The first few times this happened, I was able to start the computer without starting the RAID array, reassemble the RAID array using the command mdadm --assemble --run --force /dev/md126 /dev/sda /dev/sde /dev/sdc and have it working fine -- I could fix any filestore problems with e2fsck, mount /home, log in to my home directory, do pretty much whatever I wanted -- until I tried logging into a new KDE Wayland session again. This happened several times while I was trying to troubleshoot the problem with startplasma-wayland.
Unfortunately, one time this didn't work. I was still able to start the computer without starting the RAID array, reassemble it and reboot with the RAID array looking seemingly okay (according to mdadm -D) BUT this time, any attempt to access the RAID array or even just stop the array (mdadm --stop /dev/md126) once it was started would cause the RAID array to lock up.
I'm guessing that the contents of the filestore on the RAID array are probably still there. Does anyone have suggestions on getting the RAID array working properly again and accessing them? I have avoided doing anything further myself because, of course, if the contents of the filestore are still there, I don't want to do anything to jeopardize them.
I'm happy to send whatever output might assist in answering that question. Here is the output to mdadm -D /dev/md126:
Code: | /dev/md126:
Container : /dev/md/imsm0, member 0
Raid Level : raid5
Array Size : 1953513472 (1863.02 GiB 2000.40 GB)
Used Dev Size : 976756736 (931.51 GiB 1000.20 GB)
Raid Devices : 3
Total Devices : 3
State : clean
Active Devices : 3
Working Devices : 3
Failed Devices : 0
Layout : left-asymmetric
Chunk Size : 128K
Consistency Policy : resync
UUID : aa989aae:6526b858:7b1edb5f:4f4b2686
Number Major Minor RaidDevice State
2 8 0 0 active sync /dev/sda
1 8 64 1 active sync /dev/sde
0 8 32 2 active sync /dev/sdc
|
And here is the output to mdadm -D /dev/md127:
Code: | /dev/md127:
Version : imsm
Raid Level : container
Total Devices : 3
Working Devices : 3
UUID : 01ce9128:9a9d46c6:efc9650f:28fe9662
Member Arrays : /dev/md/vol0_0
Number Major Minor RaidDevice
- 8 64 - /dev/sde
- 8 32 - /dev/sdc
- 8 0 - /dev/sda
|
Here's what the three drives in the array look like using mdadm --examine --verbose:
Code: | /dev/sda:
Magic : Intel Raid ISM Cfg Sig.
Version : 1.2.02
Orig Family : 75658571
Family : 75658571
Generation : 0023575d
Creation Time : Unknown
Attributes : All supported
UUID : 01ce9128:9a9d46c6:efc9650f:28fe9662
Checksum : a180c335 correct
MPB Sectors : 2
Disks : 3
RAID Devices : 1
Disk00 Serial : WD-WCC6Y3LCXY73
State : active
Id : 00000000
Usable Size : 1953514766 (931.51 GiB 1000.20 GB)
[vol0]:
Subarray : 0
UUID : aa989aae:6526b858:7b1edb5f:4f4b2686
RAID Level : 5 <-- 5
Members : 3 <-- 3
Slots : [UUU] <-- [UUU]
Failed disk : none
This Slot : 0
Sector Size : 512
Array Size : 3907026944 (1863.02 GiB 2000.40 GB)

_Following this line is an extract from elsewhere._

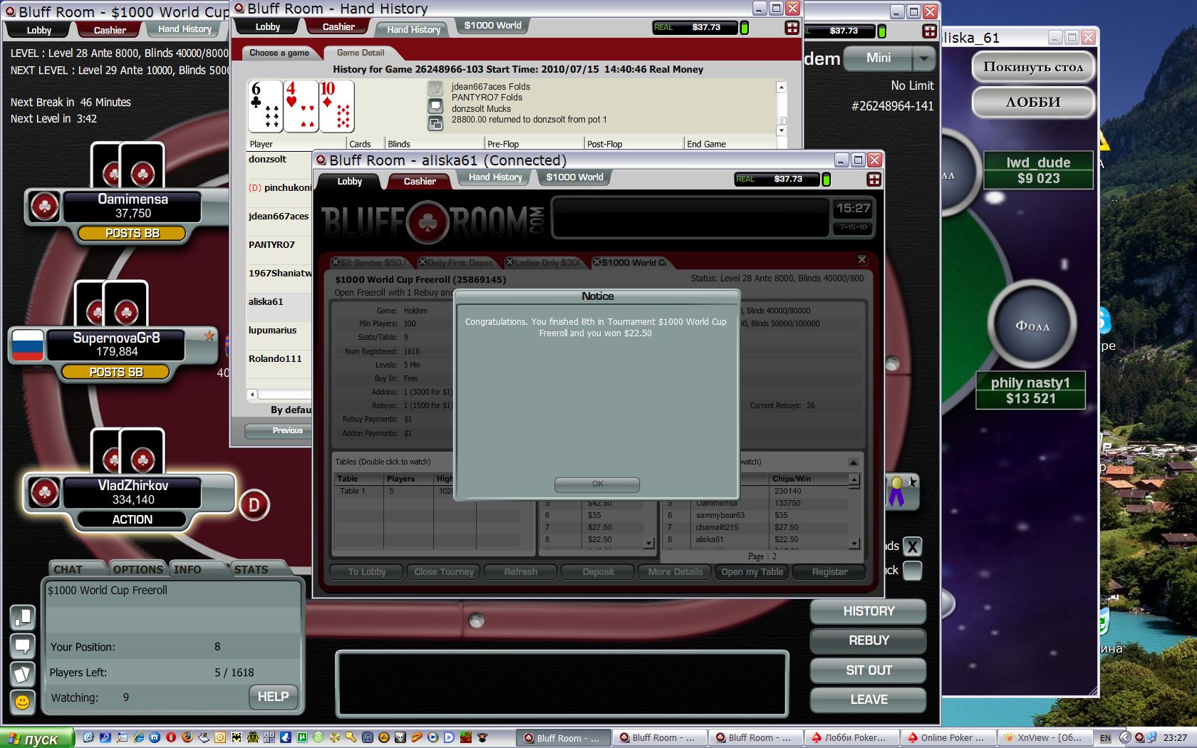 Меня зовут Антон и я новый менеджер Bluffroom! Рад сообщить вам, что начиная с сегодняшнего дня вы будете обеспечены качественным сервисом, в т.ч. поддержкой игроков. Я постоянно доступен по электронной почте ru.support@bluffroom.com (самый удобный вариант) и в скайпе bluffroom-russia. Приносим свои извинения за неудобства, с которыми вы столкнулись в последнее время! Мы сделаем все, что в наших силах, чтобы подобного больше не повторилось. С уважением, Антон. Последний раз редактировалось BluffRoom 12 авг 2012, 01:35, всего редактировалось 133 раз(а).

Per Dev Size : 1953515520 (931.51 GiB 1000.20 GB)
Sector Offset : 0
Num Stripes : 7630912
Chunk Size : 128 KiB <-- 128 KiB
Reserved : 0
Migrate State : repair
Map State : normal <-- normal
Checkpoint : 0 (768)
Dirty State : clean
RWH Policy : off
Volume ID : 1
Disk01 Serial : WD-WCC6Y5KP9A25
State : active
Id : 00000005
Usable Size : 1953514766 (931.51 GiB 1000.20 GB)

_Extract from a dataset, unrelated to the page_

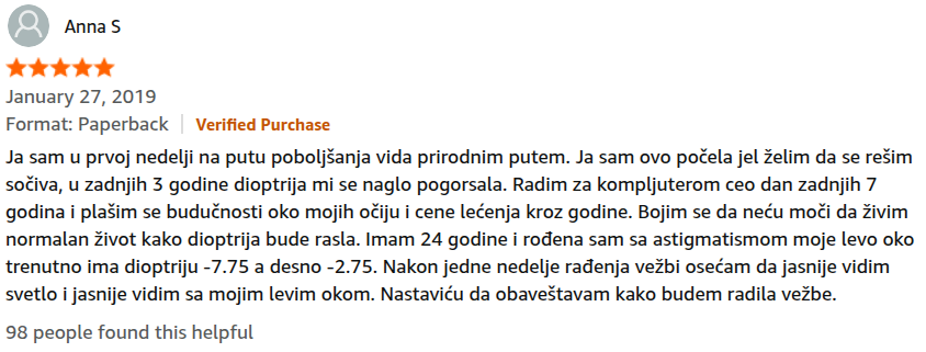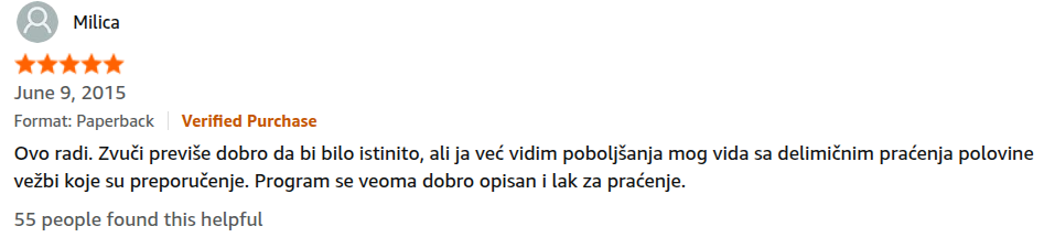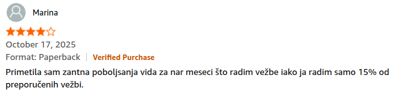 I to sve uz pomoć vežbi za vid, pa ćak iako ne radim redovno imam dobre rezultate...

Disk02 Serial : WD-WCC6Y3NF1PD2
State : active
Id : 00000003
Usable Size : 1953514766 (931.51 GiB 1000.20 GB)
/dev/sde:
Magic : Intel Raid ISM Cfg Sig.
Version : 1.2.02
Orig Family : 75658571
Family : 75658571
Generation : 0023575d
Creation Time : Unknown
Attributes : All supported
UUID : 01ce9128:9a9d46c6:efc9650f:28fe9662
Checksum : a180c335 correct
MPB Sectors : 2
Disks : 3
RAID Devices : 1
Disk01 Serial : WD-WCC6Y5KP9A25
State : active
Id : 00000005
Usable Size : 1953514766 (931.51 GiB 1000.20 GB)
[vol0]:
Subarray : 0
UUID : aa989aae:6526b858:7b1edb5f:4f4b2686
RAID Level : 5 <-- 5
Members : 3 <-- 3
Slots : [UUU] <-- [UUU]
Failed disk : none
This Slot : 1
Sector Size : 512
Array Size : 3907026944 (1863.02 GiB 2000.40 GB)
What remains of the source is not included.